Example: Comparison of fragmentation code strategies on STNext for STR1, STR2, and STR3:


This specific example relates to the following codes:

  • Fluorene – G310 (This code covers only the ring system fluorene and hydrogenated versions where at least one benzene ring retains its 3 double bonds (or a quinoid variant thereof). There is no asterisk as the code only describes one ring system.
  • Polyhydrofluorene – G720 (Neither of the 6-membered rings are aromatic or quinoids.) Note that G720 has an asterisk indicating an RIN is required as it covers several possible ring systems.

Autogenerated Fragmentation Code Strategy for STR1: RIN 06706 is correct, RIN 03126 is wrong (to be deleted manually from the STNext fragmention code script).

=>s (M414(P)G041(P)G310(P)G399(P)M532)/M0,M2,M3,M4 \>_line1

=>s _line1(P)(M610(P)M510(P)M520(P)M540)/M0,M2,M3,M4 \>_line2

=>s _line2(P)(M280(P)M320)/M0,M2,M3,M4 \>_line3

=>s _line3(P)(03126(P)06706)/RIN \>_line4

=>s _line4(P)(G031(P)G039)/M0,M2,M3,M4 \>_line5

=>s (_line1(P)M900/M0) OR (_line2(P)M901/M2,M3,M4) OR (_line4(P)M902/M2,M3,M4) OR _line5


=>s _line6(NOTP)(H1 OR H2 OR H3 OR H4 OR H5 OR H6 OR H7 OR H8 OR H9 OR J0 OR J1 OR J2 OR J3 OR J4 OR J5 OR J9 OR K0 OR M1)/M2,M3,M4 \>_line7

Autogenerated Fragmentation Code Strategy for STR2: RINs 03126 and 06706 are correct.

=>s (M414(P)G041(P)G052(P)G310(P)G720(P)M531)/M0,M2,M3,M4 \>_line1

=>s _line1(P)(M541(P)M610(P)M510(P)M520)/M0,M2,M3,M4 \>_line2

=>s _line2(P)(M280(P)M320)/M0,M2,M3,M4 \>_line3

=>s _line3(P)(03126(P)06706)/RIN \>_line4

=>s _line4(P)(G031(P)G039)/M0,M2,M3,M4 \>_line5

=>s (_line1(P)M900/M0) OR (_line2(P)M901/M2,M3,M4) OR (_line4(P)M902/M2,M3,M4) OR _line5\>_line6

=>s _line6(NOTP)(H1 OR H2 OR H3 OR H4 OR H5 OR H6 OR H7 OR H8 OR H9 OR J0 OR J1 OR J2 OR J3 OR J4 OR J5 OR J9 OR K0 OR M1)/M2,M3,M4 \>_line7

Autogenerated Fragmentation Code Strategy for STR3: RINs 03126 and 06706 are correct.

=>s (M415(P)G052(P)G720(P)G799)/M0,M2,M3,M4 \>_line1

=>s _line1(P)(M542(P)M610(P)M510(P)M520(P)M530)/M0,M2,M3,M4 \>_line2

=>s _line2(P)(M280(P)M320)/M0,M2,M3,M4 \>_line3

=>s _line3(P)(03126(P)06706)/RIN \>_line4

=>s _line4(P)(G031(P)G039)/M0,M2,M3,M4 \>_line5

=>s (_line1(P)M900/M0) OR (_line2(P)M901/M2,M3,M4) OR (_line4(P)M902/M2,M3,M4) OR _line5\>_line6

=>s _line6(NOTP)(H1 OR H2 OR H3 OR H4 OR H5 OR H6 OR H7 OR H8 OR H9 OR J0 OR J1 OR J2 OR J3 OR J4 OR J5 OR J9 OR K0 OR M1)/M2,M3,M4 \>_line7

Note: STN Express strategy for STR2 and STR3 is incomplete as RIN code 03126 is missing. However, the omission of 03126 will probably have no effect on the retrieval (or at worst a marginal effect) since RIN 06706 relates to a spiro system linking 2 fluorene ring systems together. This means that when RIN 06706 is present along with G720, it implies that the ring system it applies to is a hydrogenated fluorine.
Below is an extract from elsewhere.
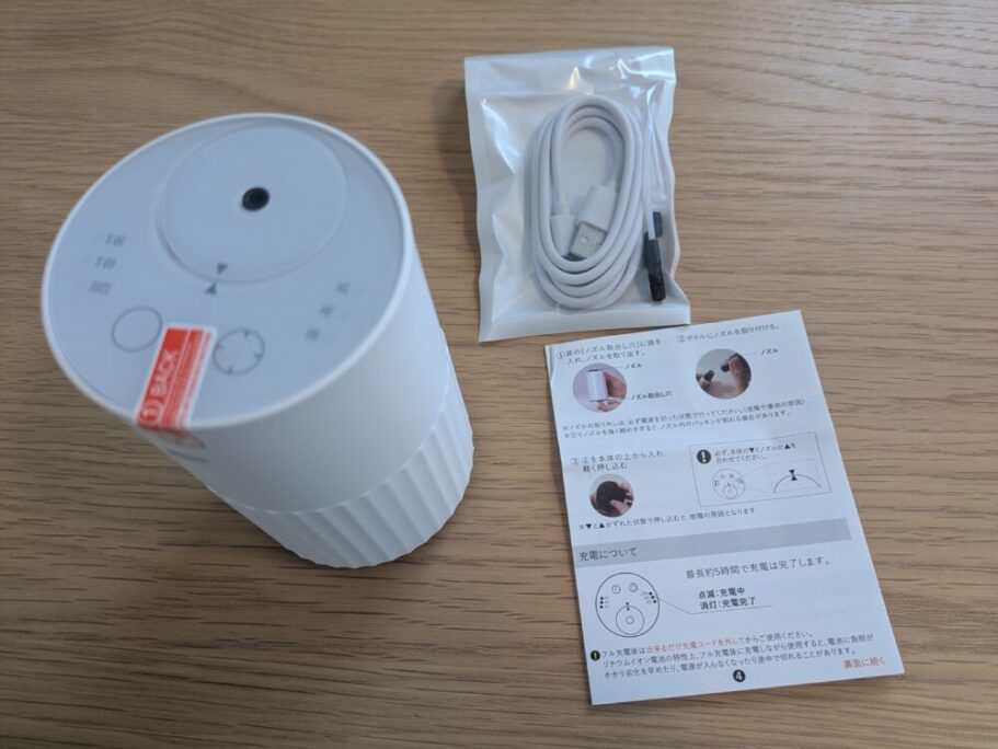 開けてみるとこんな感じ。USBケーブルと説明書、本体+取り換え用ノズルです。ちなみに本体色は五色くらいから選べたんですが、ホワイトにしてみました。使いやすそうだし。

Missing J-Codes for Certain Types of Fused Heterocycles Leading to Loss of Precision

Rule: “If the atom bonded to the functional group is a non-angular C atom in a bridged ring system, and if the C atom could be seen as being a member of different sized rings, the smallest ring size is chosen, even if it is of lower priority than the larger ring.”

In the example below for STR1, the non-angular C atom that is substituted by a functional group (Oxo) is part of two, 6-membered rings (the bridged all carbon and nitrogen containing rings). For STR2, the bridged all-carbon ring is 5-membered, and the nitrogen-containing heterocyclic ring is 6-membered. According to the rule, the system should generated J521 for STR1 and J561 for STR2.


Issue: For fused heterocycles of the chemotype of STR2, the respective J-code is missing in the fragmentation code strategy. For the example above, STNext fails to generate code J561 for STR2. The issue affects structures with a non-angular C atom substituted by oxo (J561 is missing) or thio (J596 is missing); the corresponding imino chemotype is not affected. Furthermore, it affects not only nitrogen heterocycles, but also heterocycles containing other heteroatoms. The consequence of this issue is loss of precision resulting in a larger answer set. For the example above, STR2 leads to 40 hits in WPIX with the automatically generated fragmentation code strategy (lacking J561), whereas the corrected strategy (including J561) leads to 7 hits.

Workaround: Add the respective J-codes for the affected chemotypes to enhance precision.